Collected data:

########

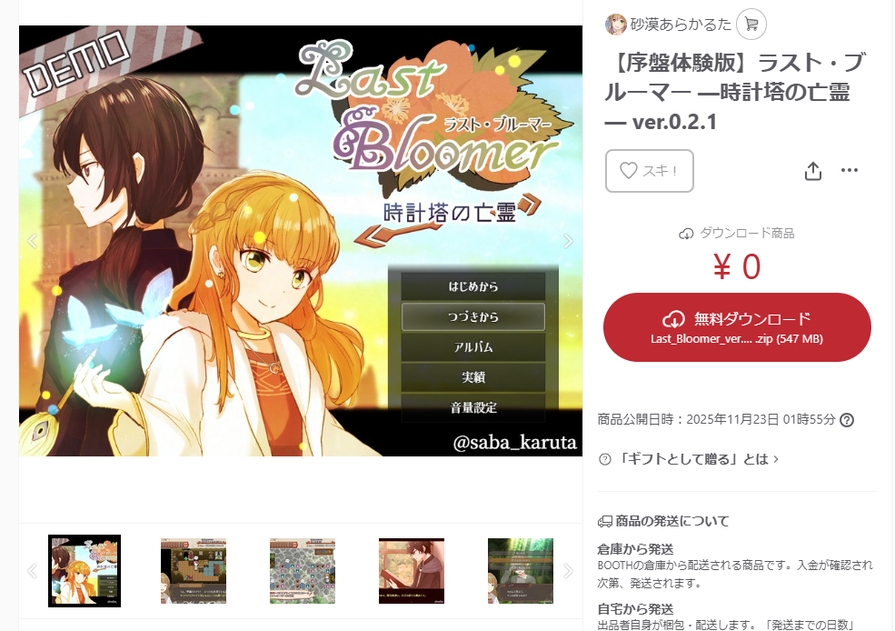 『ラスト・ブルーマー ―時計塔の亡霊―』序盤体験版ver.0.2.1、配信開始しました!
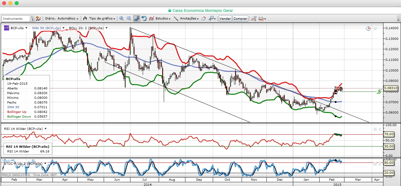 Eu desconfio sempre que há muita gente a apelar à compra, e sobretudo quando vejo institucionais a apelarem para que se compre BCP. O BCP teve em meia-dúzia de dias uma valorização estonteante, fabulosa. Está agora por baixo de resistências fortíssimas para além de ter todos os indicadores muito esticados. Os apostadores do costume aumentaram os shorts, mas há aqui malta que insiste mais do que nunca que esta é que é a melhor altura para entrar. Não vi o Nyse123 vir sugerir a entrada quando ela estava lá em baixo!!!!! Portanto, muito cuidadinho a partir daqui. Não quero dizer com isto que não possa subir, mas as subidas a partir daqui são ratoeiras do mercado, são ratoeiras dos institucionais. Ora vejamos: na noite do domingo das eleições gregas, este jornal publicou uma notícia na capa e em destaque para que toda a gente visse, onde elogiava valentemente a bolsa portuguesa. Na altura, critiquei-a avisando de que quem entrasse na segunda-feira iria ter de saber que iria fazê-lo para a seguir ver as acções cair. Caíram 20% sensivelmente!!!!!! Mas o jornal elogiou forte e feio a nossa bolsa na noite anterior! Porque fez isso precisa e tão-somente após o fecho das urnas na Grécia???? Podia tê-lo feito na sexta-feira, após o fecho! Ou no sábado! Porque terá então caído a bolsa nos dias seguintes, e particularmente o BCP?!?!? Neste momento, o PSI20 e o BCP estão igualmente por baixo de fortes resistências onde se espera que a acção caia. E o jornal tem hoje na sua capa uma série de notícias que elogiam a bolsa portuguesa novamente! Há uns anos atrás, a notícia do dia era a entrada dos chineses, e depois chineses nem vê-los!!!! Desta vez, é a bolsa que é a melhor do mundo!!!! Perceberam?!?! Para o fórum vieram até, entre ontem e hoje, os institucionais, mostrar a autoridade das suas bases de dados da Bloomberg com estudos mirabolantes!!!!! Façam as contas ao cap de um preço assim e vejam se faz algum sentido aqueles valores!!!!! BCP a 25 cêntimos até final de 2015... enfim!!!!! Eu, para mim, chamo a isso "engodo"... Muito cuidado... é o conselho que vos dou.
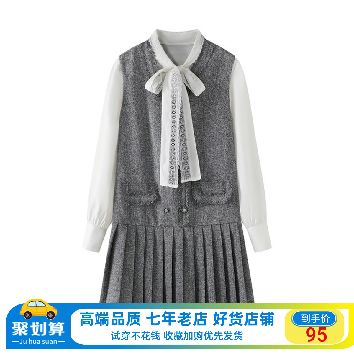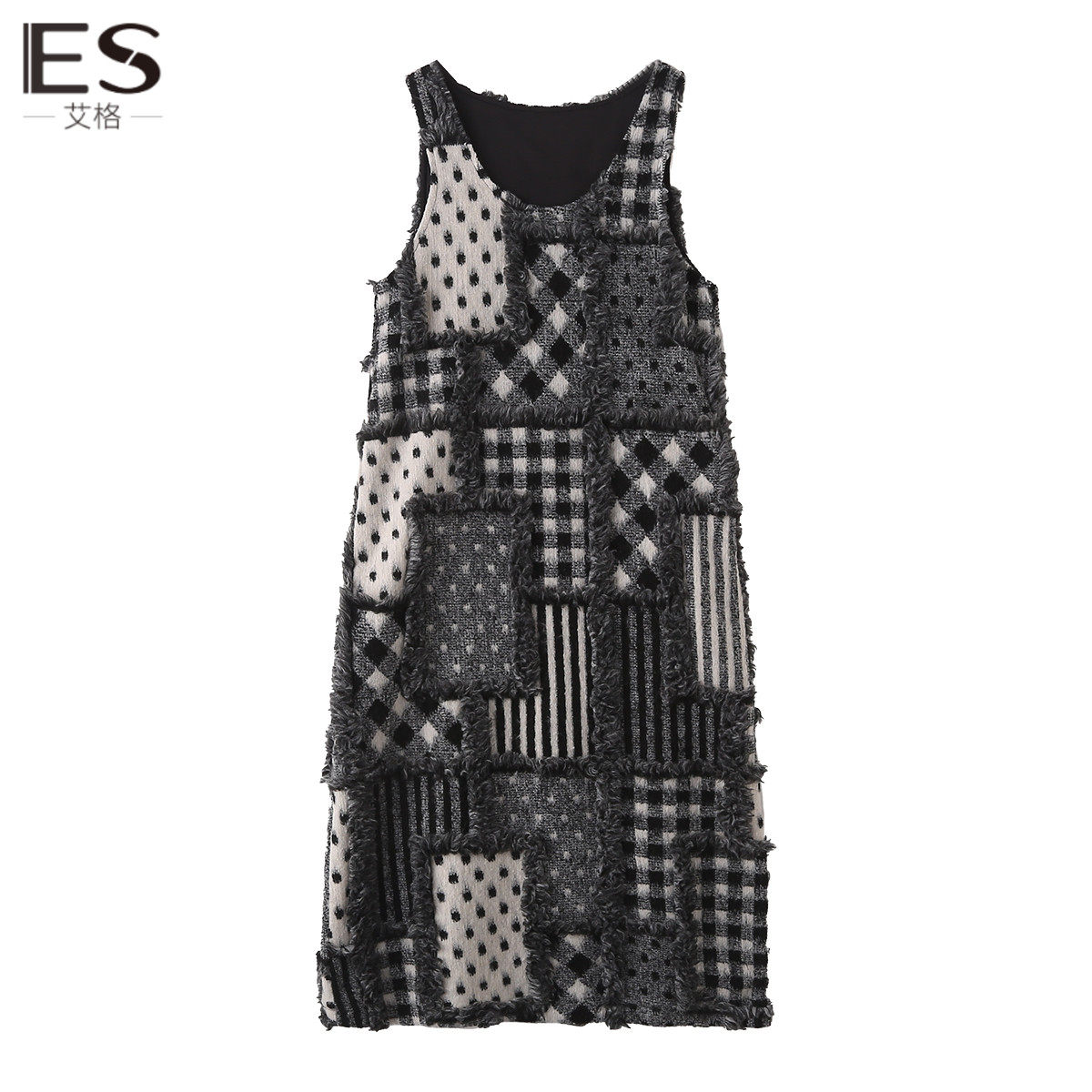 艾格复古拼接连衣裙毛呢裙2023秋冬季新款女马甲背心裙格子长裙子
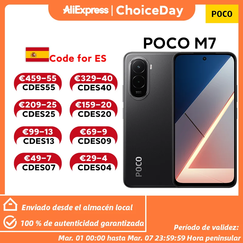 Versão global Smartphone POCO M7 Potente processador Snapdragon 685 Ecrã FHD+ de 6,9” e 144 Hz Câmara dupla com IA de 50 MP Bateria grande de 7000 mAh (típica) Carregamento rápido de 33 W Xiaomi HyperOS 2 NFC Telemóvel Xiaomi
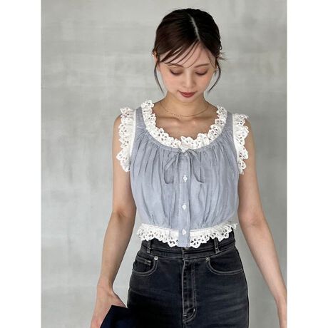 <b>【今季らしいバランスを叶えるコットンフリルが愛らしいクロップド丈ブラウス】</b>
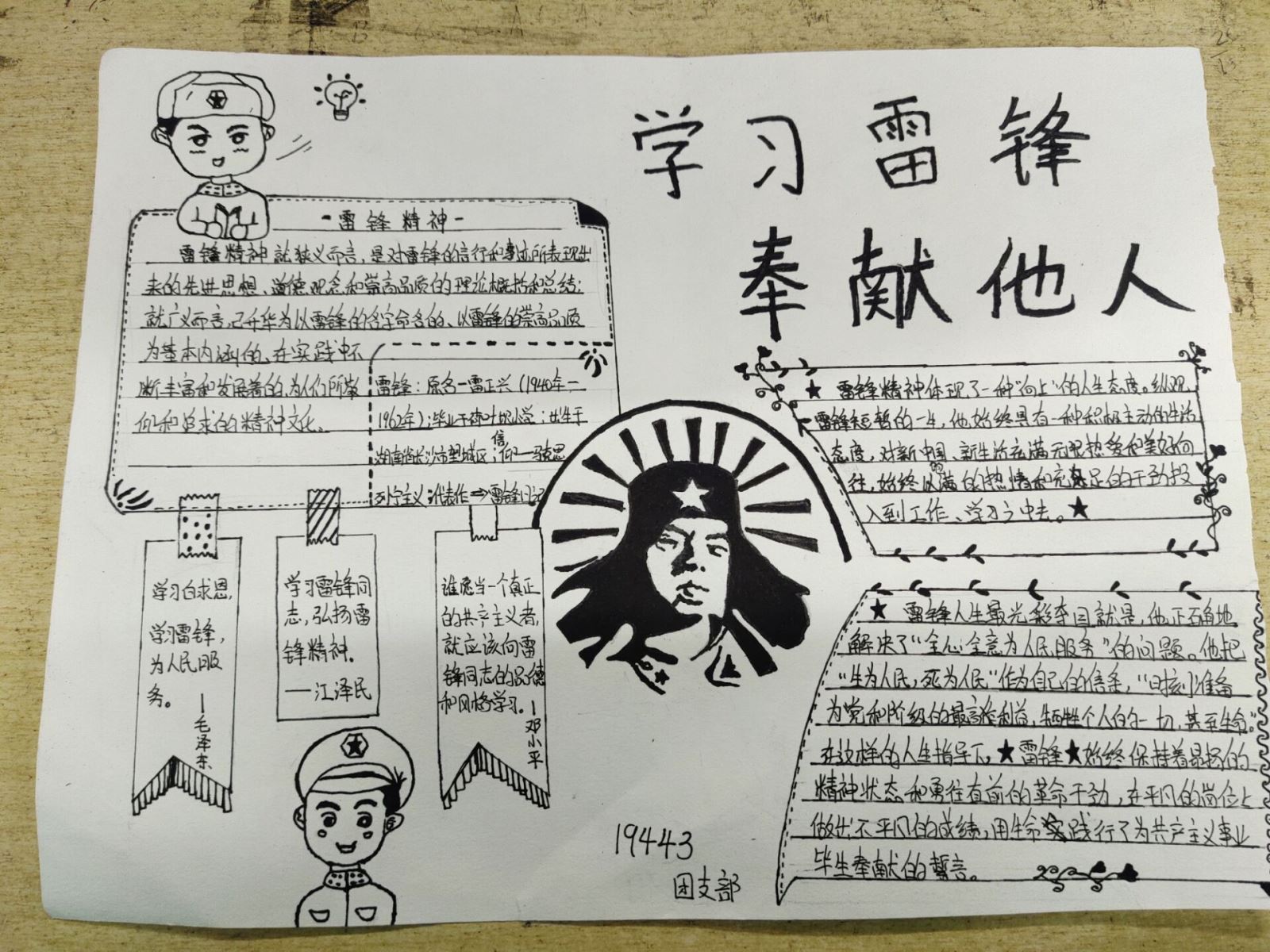 3月中旬,系团总支组织开展了“弘扬雷锋精神”主题手抄报、黑板报比赛,各团支部积极参与,精心设计,充分利用校园宣传阵地,对雷锋生平事迹进行全方位报道,展现雷锋形象,赞扬雷锋的“钉子精神”,歌颂雷锋“全心全意为人民服务”的高尚品质。一幅幅主题鲜明、形式新颖独特的作品,展示了同学们对雷锋精神的感悟和理解,给同学们留下了深刻的印象。

########

Exercise instructions: The result should be a verbatim copy of the data, free of pictures.

Reply:
 『ラスト・ブルーマー ―時計塔の亡霊―』序盤体験版ver.0.2.1、配信開始しました!
 Eu desconfio sempre que há muita gente a apelar à compra, e sobretudo quando vejo institucionais a apelarem para que se compre BCP. O BCP teve em meia-dúzia de dias uma valorização estonteante, fabulosa. Está agora por baixo de resistências fortíssimas para além de ter todos os indicadores muito esticados. Os apostadores do costume aumentaram os shorts, mas há aqui malta que insiste mais do que nunca que esta é que é a melhor altura para entrar. Não vi o Nyse123 vir sugerir a entrada quando ela estava lá em baixo!!!!! Portanto, muito cuidadinho a partir daqui. Não quero dizer com isto que não possa subir, mas as subidas a partir daqui são ratoeiras do mercado, são ratoeiras dos institucionais. Ora vejamos: na noite do domingo das eleições gregas, este jornal publicou uma notícia na capa e em destaque para que toda a gente visse, onde elogiava valentemente a bolsa portuguesa. Na altura, critiquei-a avisando de que quem entrasse na segunda-feira iria ter de saber que iria fazê-lo para a seguir ver as acções cair. Caíram 20% sensivelmente!!!!!! Mas o jornal elogiou forte e feio a nossa bolsa na noite anterior! Porque fez isso precisa e tão-somente após o fecho das urnas na Grécia???? Podia tê-lo feito na sexta-feira, após o fecho! Ou no sábado! Porque terá então caído a bolsa nos dias seguintes, e particularmente o BCP?!?!? Neste momento, o PSI20 e o BCP estão igualmente por baixo de fortes resistências onde se espera que a acção caia. E o jornal tem hoje na sua capa uma série de notícias que elogiam a bolsa portuguesa novamente! Há uns anos atrás, a notícia do dia era a entrada dos chineses, e depois chineses nem vê-los!!!! Desta vez, é a bolsa que é a melhor do mundo!!!! Perceberam?!?! Para o fórum vieram até, entre ontem e hoje, os institucionais, mostrar a autoridade das suas bases de dados da Bloomberg com estudos mirabolantes!!!!! Façam as contas ao cap de um preço assim e vejam se faz algum sentido aqueles valores!!!!! BCP a 25 cêntimos até final de 2015... enfim!!!!! Eu, para mim, chamo a isso "engodo"... Muito cuidado... é o conselho que vos dou.
 艾格复古拼接连衣裙毛呢裙2023秋冬季新款女马甲背心裙格子长裙子
 Versão global Smartphone POCO M7 Potente processador Snapdragon 685 Ecrã FHD+ de 6,9” e 144 Hz Câmara dupla com IA de 50 MP Bateria grande de 7000 mAh (típica) Carregamento rápido de 33 W Xiaomi HyperOS 2 NFC Telemóvel Xiaomi
 <b>【今季らしいバランスを叶えるコットンフリルが愛らしいクロップド丈ブラウス】</b>
 3月中旬,系团总支组织开展了“弘扬雷锋精神”主题手抄报、黑板报比赛,各团支部积极参与,精心设计,充分利用校园宣传阵地,对雷锋生平事迹进行全方位报道,展现雷锋形象,赞扬雷锋的“钉子精神”,歌颂雷锋“全心全意为人民服务”的高尚品质。一幅幅主题鲜明、形式新颖独特的作品,展示了同学们对雷锋精神的感悟和理解,给同学们留下了深刻的印象。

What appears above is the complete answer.